Global Picklists and managed packages

Today I want to talk about Global Picklists, a feature that was made GA in Winter 17. Global Picklists allows you to share picklist values among different objects. They can be very useful in certain use cases. For example, imagine that your company gives support to several countries. You can create a global picklist that holds the supported countries, and use it in many objects in your application. Then, if you need to add a new country, you will need to do it only once.

Additionally, in this post, I will give some information about Global Picklists behaviour in managed packages.

Screen Shot 2017-07-28 at 13.21.19

First of all, let’s see how to define a Global Picklist. This is very simple, you just have to navigate to “Picklist Value Sets” in the setup, and define a new Global Value Set:

 

Screen Shot 2017-07-28 at 13.21.30

Once you have created the Global Value Set, you will have to add some values. Also you can select the default value and assign some chart colors:

Screen Shot 2017-07-31 at 14.34.32

Then, if you create a new picklist or multiselect picklist field for any object, you will have the option to use a global picklist value set, instead defining a new set of values:

Screen Shot 2017-07-31 at 14.36.32

One thing to bear in mind is that if your picklist field uses a Global Picklist, its values will be restricted by default to those in the global value set. However, you can edit / delete / deactivate or add new values in the global value set, even if it is managed.
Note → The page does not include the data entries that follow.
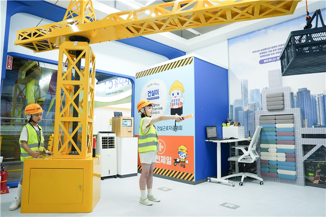 또한, HD현대건설기계의 유아용 건설기계 완구 브랜드 ‘데구르르’와 협업한 ‘건설놀이 팝업 존’도 마련돼, 유아와 보호자가 함께 중장비 완구 놀이, 직업 그림 색칠 등을 즐기며 놀이를 통해 건설 직군에 대한 이해를 넓힐 수 있다. 해당 체험은 별도 비용 없이 무료로 운영된다.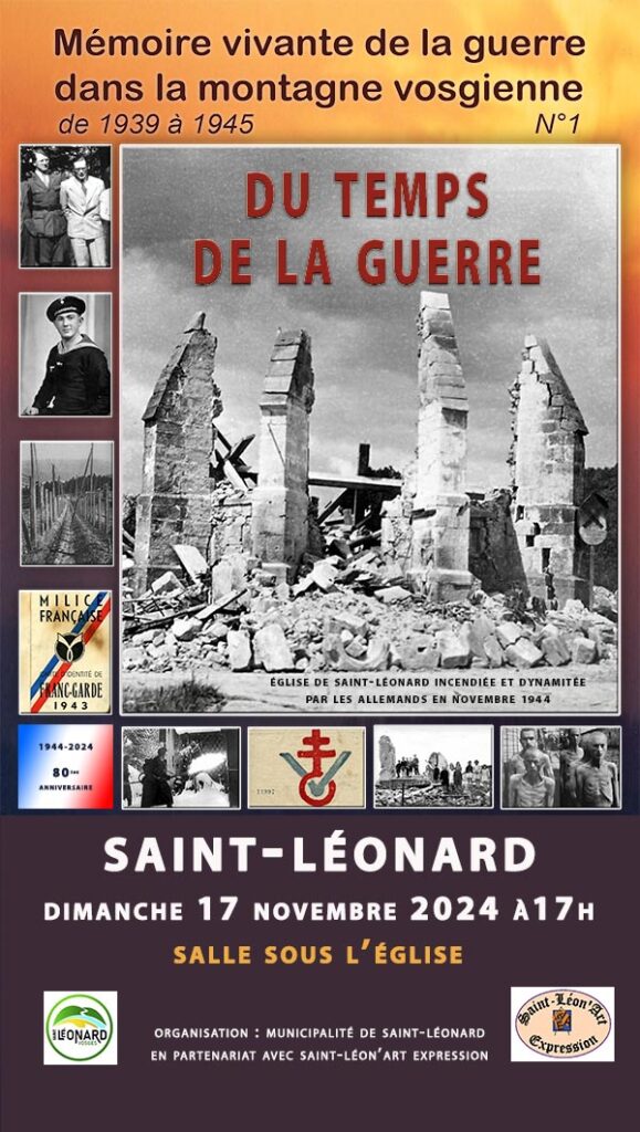A l’invitation de la municipalité de Saint-Léonard, en partenariat avec Saint-Léon’Art Expression, Jacques Cuny présentera son film « Du temps de la guerre » sous l’église de Saint-Léonard, ce dimanche 17 novembre à 17 heures. Entrée libre.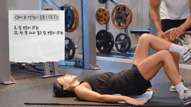 12. 한 쪽 다리 들고 힙 브릿지 15회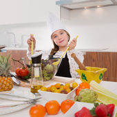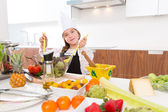 blond dziewczyna rodzaju juniorów szefa kuchni na blacie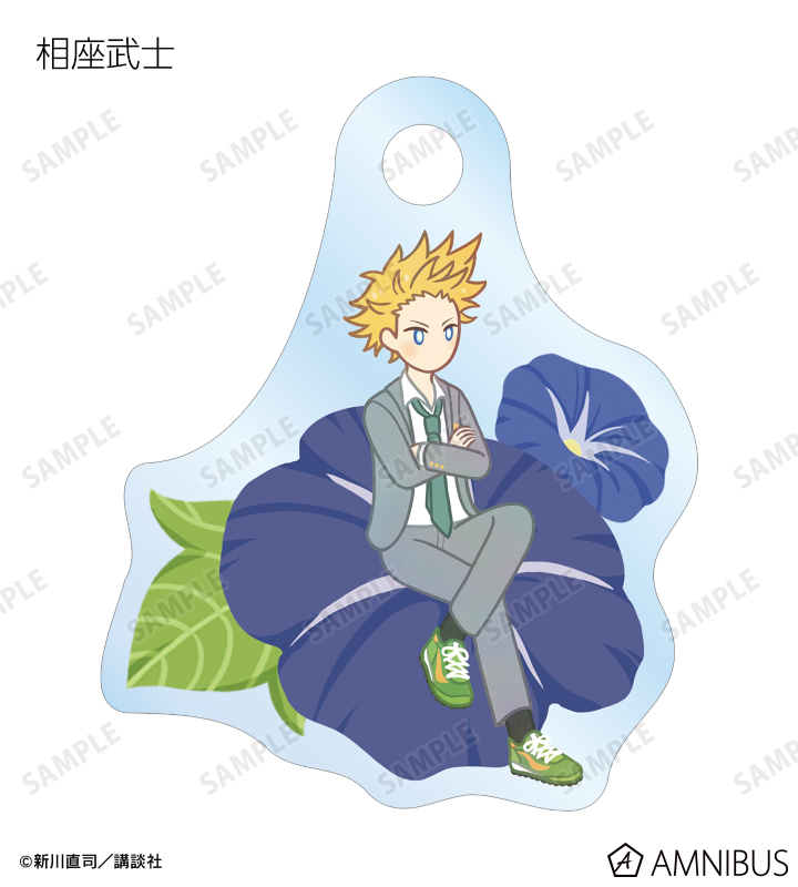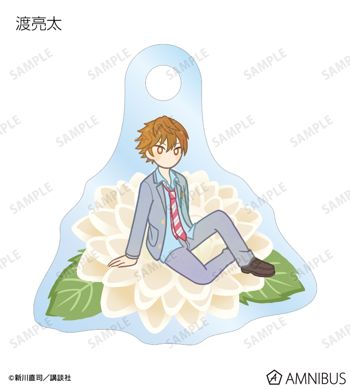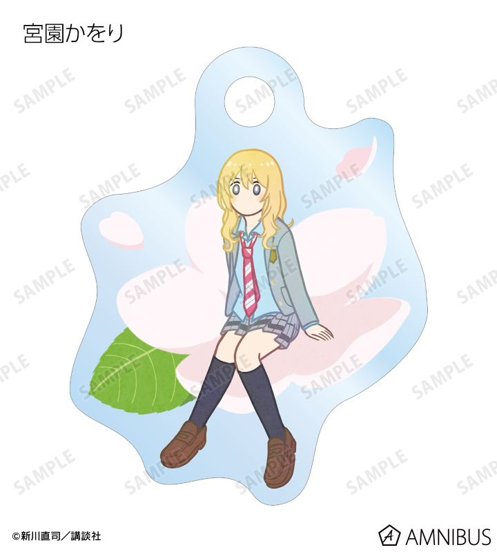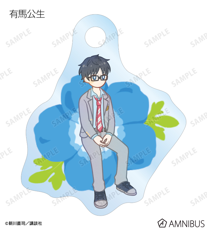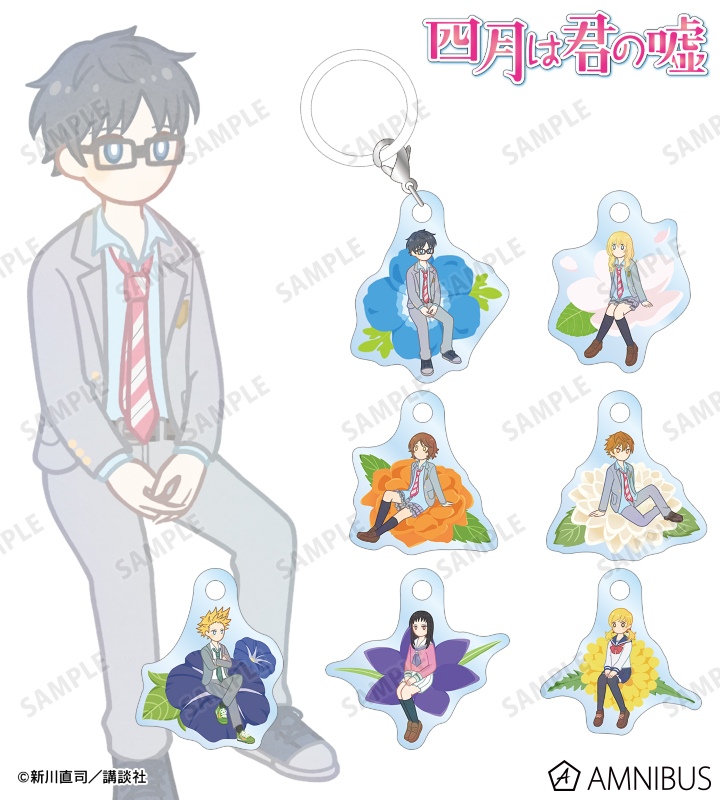有馬公生、宮園かをり、澤部椿、渡亮太、相座武士、井川絵見、相座凪のイラストをボタニカルデザインに落とし込んで繊細なタッチで新たに描き起こし、ダイカットのアクリルチャームに仕上げました。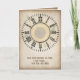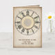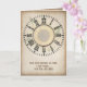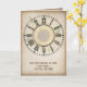 Roman numerals and sunflower on clock face with no hands on sepia textured background for wedding anniversary
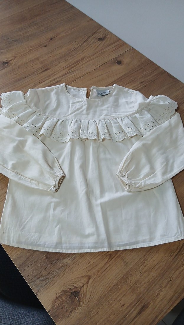 Beyaz pamuklu bluz, uzun kollu ve bol kesimdir. Göğüs kısmında nakışlı fırfırlar bulunur,tertemiz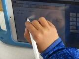 2年生は算数です。タブレットを使って自分のペースで学習を進めています。使いこなしていますね。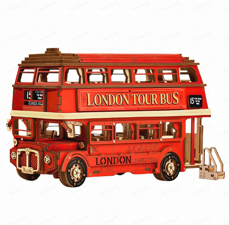 Robotime Rolife London Tour Bus Wooden 3D Puzzle Building Toys 19.4 x 7.8 x 11.3 cm 1PC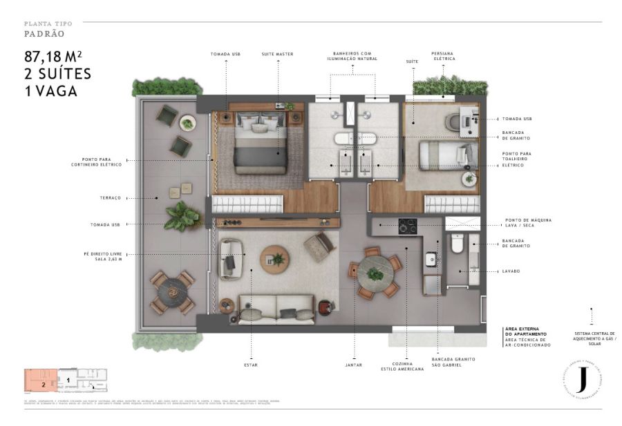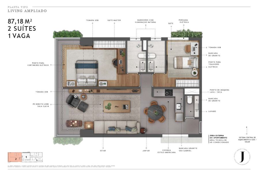 - Área Privativa: 87 m²

Then, how do global picklists behave on managed packages?

Global picklists can be packaged and distributed to your customers. If you want to package a Global Picklist, you have to look for “Global Value Set” in the components drop-down, and select the one that you want to package:

Screen Shot 2017-07-28 at 13.22.03

If you have installed a package that contains a managed Global Picklist, you can use the global value set on any object in your organization, even if belongs to a different namespace.

As we said before, you, or a subscriber, can edit / delete / deactivate or add new values in the global value set, even if it is managed.

What would happen if we modify the global picklist values in the package, and the subscriber performs an upgrade?

Well, Global Picklists behaviour, in this sense, is different than normal picklists. If existing values were changed or deactivated in the subscriber org, they won’t be restored to their original state on upgrades. However, new values will be added on upgrades.

Last note: bear in mind these limits if you are going to use Global Picklists:

You can have up to 500 picklist global value sets in an org. Each global value set, or restricted picklist, can contain a mix of 1,000 active and inactive values. Unrestricted picklists can have up to 1,000 active values. There’s no limit on the number of custom picklists that use global picklist value sets.

Edit Spring 18: The behaviour of global value sets has changed. Now:

  • Label and API names for individual values don’t change in subscriber orgs. 
  • New values aren’t added to the subscriber orgs.
  • Active and Inactive value settings in the subscriber orgs don’t change.
  • Default values in the subscriber orgs don’t change.
  • Global value set label names change if the package upgrade includes a new label value.

4 thoughts on “Global Picklists and managed packages

Add yours

  1. Hi,
    I try to retrieve GlobalValueSet in API 41 but color isn’t appear in the CustomValue metadata. Any idea?